Obwohl die Studie das Potenzial zeige, dass Depressionen mittels KI noch gezielter behandelt werden können, seien besonders sensible Punkte laut der Forschenden nicht nur ethische Bedenken, sondern auch der derzeit fehlende Datenschutz.3
Aktuell kann der Schutz sensibler realer Patientendaten, die in eine KI eingegebenen werden, nicht entsprechend den Festlegungen der Datenschutz-Grundverordnung gesichert werden. Zudem bleiben Ärztinnen und Ärzte in der Behandlung von Depressionen durch menschliche Empathie, die heilende zwischenmenschliche Kraft und ihre emotionale Resonanz der KI klar überlegen.
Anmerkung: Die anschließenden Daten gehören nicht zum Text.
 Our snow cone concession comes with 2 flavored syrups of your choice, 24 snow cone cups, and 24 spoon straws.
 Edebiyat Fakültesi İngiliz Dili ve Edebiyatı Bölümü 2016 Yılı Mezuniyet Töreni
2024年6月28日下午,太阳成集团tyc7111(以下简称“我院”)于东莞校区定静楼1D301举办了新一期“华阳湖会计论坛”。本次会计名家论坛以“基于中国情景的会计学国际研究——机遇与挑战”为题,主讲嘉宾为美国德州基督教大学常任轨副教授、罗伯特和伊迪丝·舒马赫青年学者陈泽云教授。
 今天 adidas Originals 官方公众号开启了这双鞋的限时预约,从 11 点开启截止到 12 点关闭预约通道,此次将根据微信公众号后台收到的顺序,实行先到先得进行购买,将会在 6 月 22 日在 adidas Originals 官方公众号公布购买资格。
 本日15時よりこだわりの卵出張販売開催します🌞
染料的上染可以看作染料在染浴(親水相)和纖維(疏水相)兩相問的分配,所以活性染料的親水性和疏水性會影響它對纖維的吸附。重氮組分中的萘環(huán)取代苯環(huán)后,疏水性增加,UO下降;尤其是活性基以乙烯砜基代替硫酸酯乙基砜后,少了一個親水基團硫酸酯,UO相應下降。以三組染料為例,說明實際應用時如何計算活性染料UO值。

Mensch statt Maschine wird es auch in Zukunft heißen, denn Chat-GPT kann weder klinische Erfahrung noch emotionale Sicherheit im Gespräch durch einen verständnisvollen Tonfall bieten. Daher spricht viel dafür, dass Ärztinnen und Ärzte weiterhin an 1. Stelle stehen, wenn es um die Behandlung von Depressionen geht. Zweifelsohne wird die Zukunft der Medizin von technologischen Fortschritten geprägt sein. Doch trotz aller Innovationen bleibt weiterhin der Mensch im Mittelpunkt der medizinischen Versorgung und die individuelle Therapieentscheidung wird den Erfolg einer Therapie entscheidend beeinflussen, ganz ohne ChatGPT.
Quellen:
- Nationale VersorgungsLeitlinie Unipolare Depression, Langfassung, Version 3.0, 2022, AWMF-Register-Nr. nvl-005. Stand 2022. AWMF-Reg.-Nr. nvl-005, unter: https://www.leitlinien.de/themen/depression/version-3 (abgerufen am 27.06.2025).
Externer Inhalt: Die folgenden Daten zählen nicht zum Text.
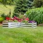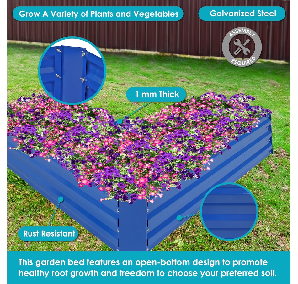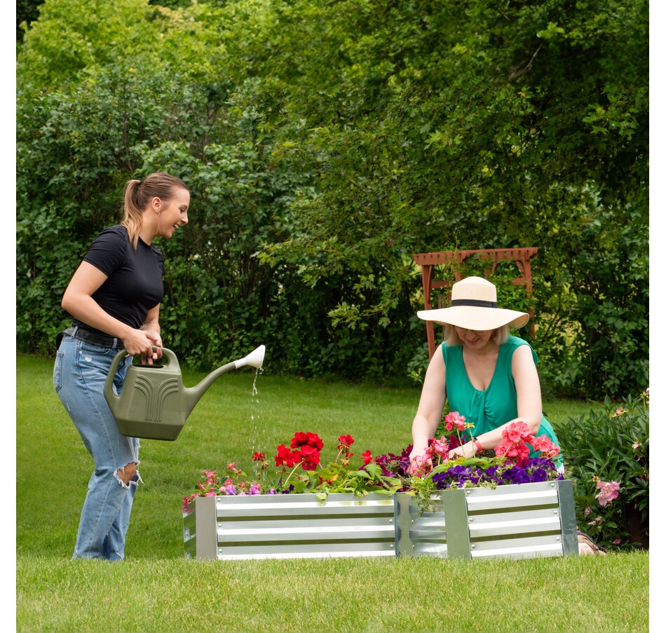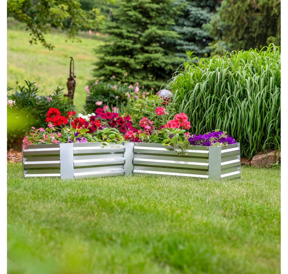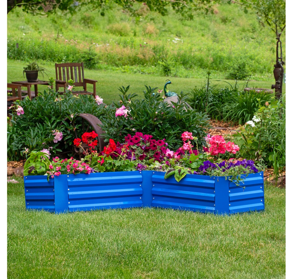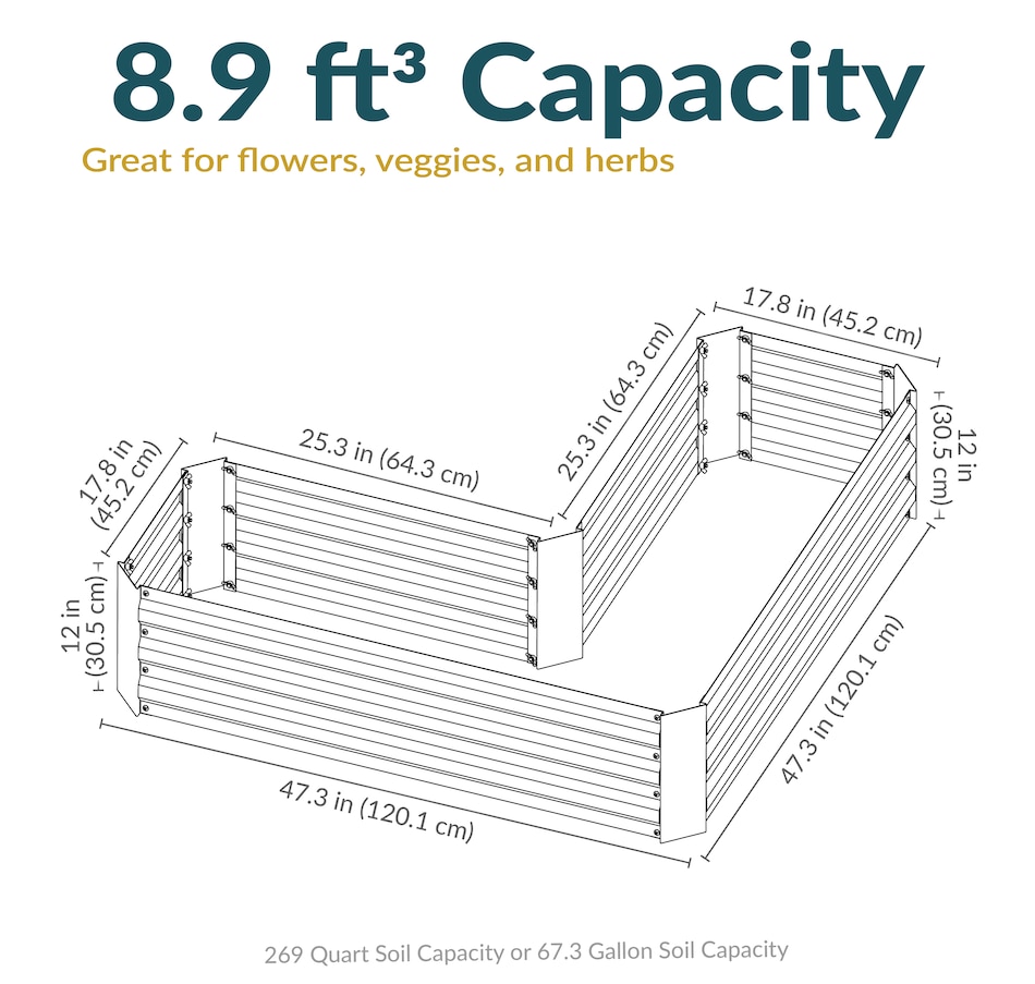 This elegant yet durable L-shaped steel garden bed is a wonderful addition to any outdoor space. This raised metal garden bed provides a number of benefits for a variety of plants. The bottomless design allows proper drainage for improved root health, and the bed can be filled with whatever type of soil is best for specific plants to create an optimal growing environment. This stylish garden bed features a unique L-shaped design that makes it great for placing in the corner of a patio or garden. This sturdy raised garden bed is made of durable galvanized steel for lasting strength and beauty season after season. This sophisticated raised garden bed is a beautiful centerpiece for the backyard, garden, or patio.

- Schmauß M. Therapietabellen Psychiatrie, 5. Auflage. 2023, S. 40, Tabelle 66
- Levkovich I, Elyoseph Z: Identifying depression and its determinants upon initiating treatment: ChatGPT versus primary care physicians. Fam Med Community Health September 2023; 11 (4): e002391. DOI: 10.1136/fmch-2023–002391.